» Problem description
A word-for-word copy of the lines from the one holding "शहर कोतवाली पुलिस की" through the final line of the records below is the only output asked for.

» Data for this exercise
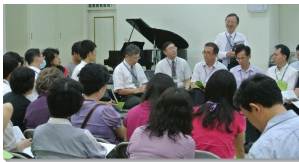
▲弟兄姊妹分組交通

晚餐後是第三場聚會，按年齡分為三組交通：中壯年組、在職組及校園開展組。中壯年組中，許多聖徒分享到參加壯年班訓練的蒙恩，還有鄉鎮開展、海外候鳥式移民開展等見證。在職組的聖徒則分享他們如何傳揚醫界福音，得著許多同事及病患信入主，並一同進入召會生活。令人大得鼓勵的是，如今在花蓮慈濟醫院也有了許多主剛強的見證人。校園開展組則著重於青年福音。聖徒們交通到他們藉著禱告得著人、牧養人並成全人。台北十四會所的聖徒甚至說，他們以整個會所的力量來服事陽明大學和台北榮總，所有弟兄姊妹都成為路加聖徒的後盾。
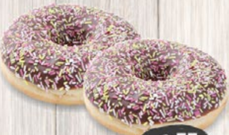
BUNTER DONUT ein süßes Hefengebäckstück überzogen mit Vollmilchschokolade und bunten Streuseln, je Stück
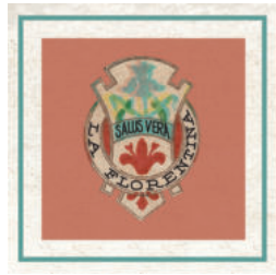
1911 sapone millefiori di Firenze
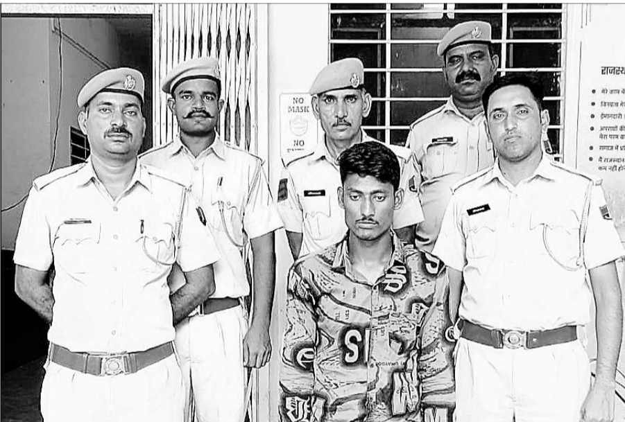
शहर कोतवाली पुलिस की गिरफ्त में शातिर वाहन चोर।

टोंक, (निसं)। शहर कोतवाली पुलिस ने शातिर वाहन चोर को गिरफ्तार किया है।

» Answer section
शहर कोतवाली पुलिस की गिरफ्त में शातिर वाहन चोर।

टोंक, (निसं)। शहर कोतवाली पुलिस ने शातिर वाहन चोर को गिरफ्तार किया है।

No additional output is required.